René sentit le piège se refermer. Il joignit les mains, adoptant l'air soumis du commerçant.

— Capitaine, je suis un honnête homme, j'ai des lettres de marchandise, des sauf-conduits. Laissez-moi passer jusqu'à Ulm et je vous jure...

— Vos jurements, je m'en balance, coupa le capitaine. Nous allons inspecter vos bagages. Où sont-ils ?

C'était maintenant ou jamais. René jeta un œil rapide à l'étalon, à la barrière, à la porte de la forge, aux deux soldats. L'officier grisonnant tenait le trousseau de clés de l'enclos, orgueilleux de sa saisie imminente. L'autre, un jeunot nerveux, avait la main sur la poignée de son épée. Ils étaient à deux pas de lui, à un mètre à peine.

— Messieurs, dit René d'un ton conciliant, si vous voulez bien me suivre à l'auberge, j'ai mes lettres dans ma sacoche, et je vous les montrerai avec plaisir. Un verre, peut-être ?

Il fit un pas vers la porte, s'inclina légèrement — un guet-apens dans un geste de servilité — et, dans le même mouvement, se redressa, balaya le sol d'un coup de pied dans l'écuelle qui traînait près de l'étable, envoyant un jet de cailloux dans les jambes du capitaine. L'homme trébucha et sa lanterne tomba, s'éteignant dans la boue. René ne perdit pas une seconde : il fonça sur la jeunot, attrapa le poignet qui cherchait l'épée, tordit, et le soldat cria de douleur, son arme tombant dans la paille.

— Au feu ! hurla René dans l'obscurité, la voix la plus forte, la plus terrifiée qu'il put trouver. Au feu ! A l'aide ! Les granges brûlent !
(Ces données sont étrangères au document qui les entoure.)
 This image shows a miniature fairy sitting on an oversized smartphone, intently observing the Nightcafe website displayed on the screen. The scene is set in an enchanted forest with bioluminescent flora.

Sa voix porta jusque dans l'auberge voisine, où les soldats de passage, déjà échauffés par la bière, jaillirent dans la nuit, alertes, confus, dans un brouhaha de bouteilles cassées et de jurons. Trois ou quatre hommes foncèrent vers l'écurie, un autre se prit un coup de pied de cheval dans le flanc et il se plia en deux. L'obscurité de l'enclos devint une mêlée indistincte de corps braillant et de bêtes affolées. Quelqu'un frappa le jeunot par accident ; le jeunot cria à la trahison ; un cavalier dégaina.
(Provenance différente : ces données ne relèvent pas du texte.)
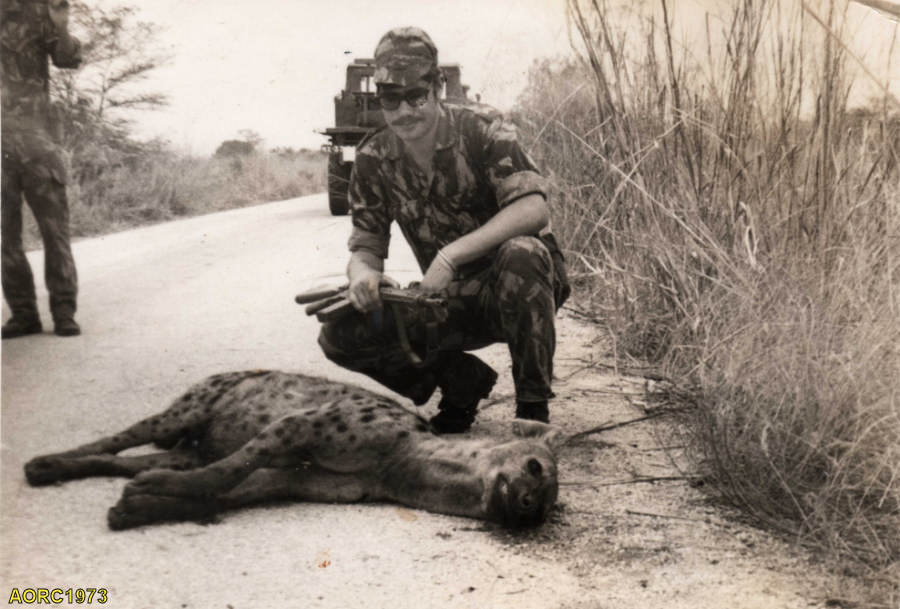 Hiena morta perto do quartel

René se faufila entre les ombres jusqu'à l'étalon noir. Il coupa la corde d'une seule passe de couteau, posa la main sur l'encolure frémissante, murmura une parole douce, et avant que le désordre soit tempéré, il était en selle, nu-dos, volant par-dessus la barrière dans un saut qui le fit maudire les saints — la jambe blessée hurlant un feu nouveau sous le choc.
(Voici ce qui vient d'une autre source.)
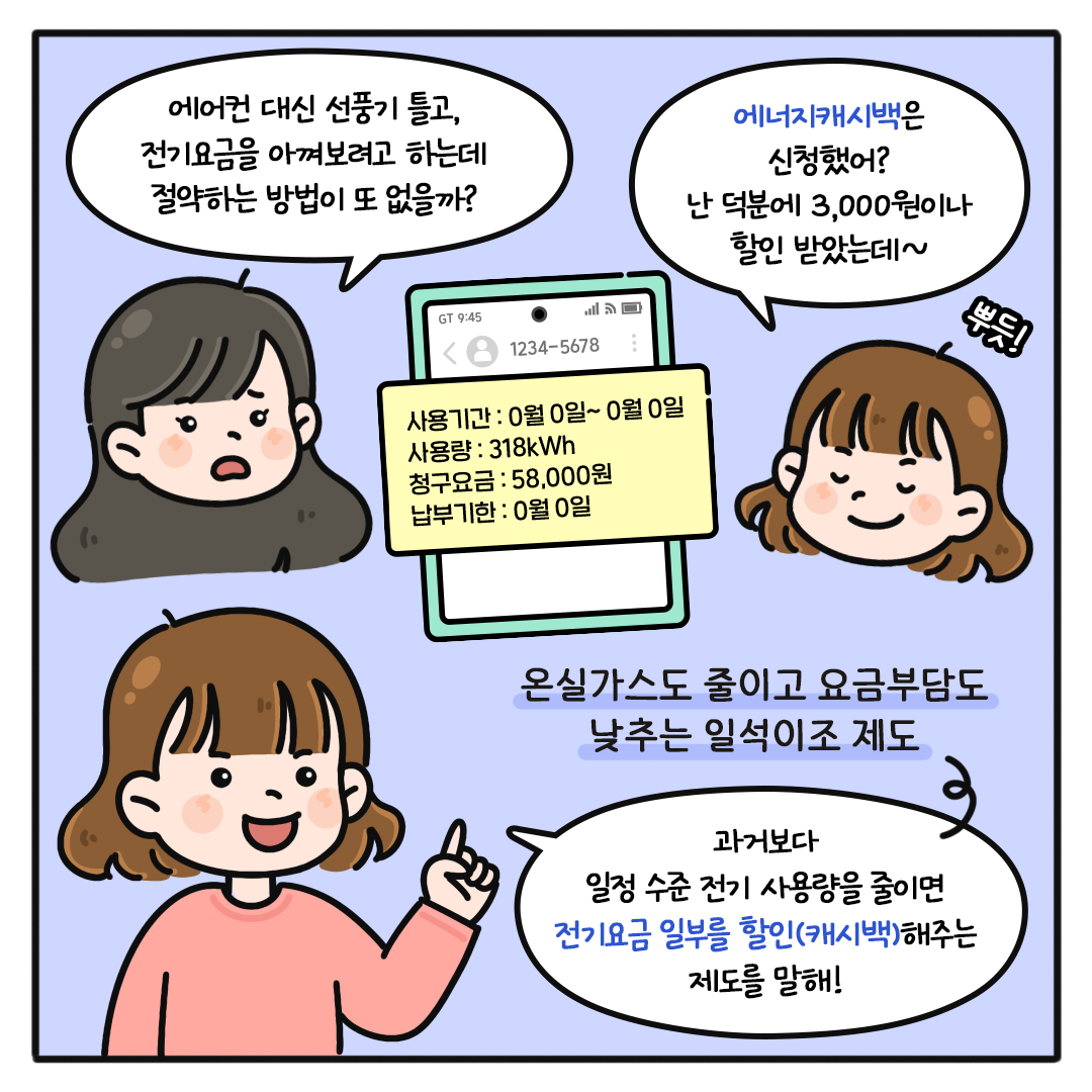 에너지캐시백 신청하고, 온실가스도 줄이고 요금 부담도 낮추세요!

Il galopa dans les champs, fendant la nuit ouvrière, les cris de Weizenfeld s'éloignant derrière lui dans un écho déchiqueté. Il ne ralentit pas tant que le village ne fut plus qu'une lueur tremblante à l'horizon. L'étalon courait comme une bête immortelle, la foire de Dieu entre ses flancs. La fièvre battait dans ses tempes ; une sueur chaude perlait à son front. Mais il était vivant, libre, monté sur un animal digne du diable.

Il ralentit enfin au bord d'un ruisseau, descendit, s'agenouilla et but à même l'eau glacée. Il se redressa, et un frisson de fièvre le saisit, violent, si fort qu'il dut s'accrocher à l'étalon pour ne pas tomber. La jambe le brûlait comme un charbon arraché aux braises.

Il n'atteindrait jamais Verdun à ce rythme. Il devait trouver de l'aide — ou mourir sur la route en tenant une lettre qu'il commençait à peine à comprendre, une lettre qui n'était peut-être plus la sienne à porter.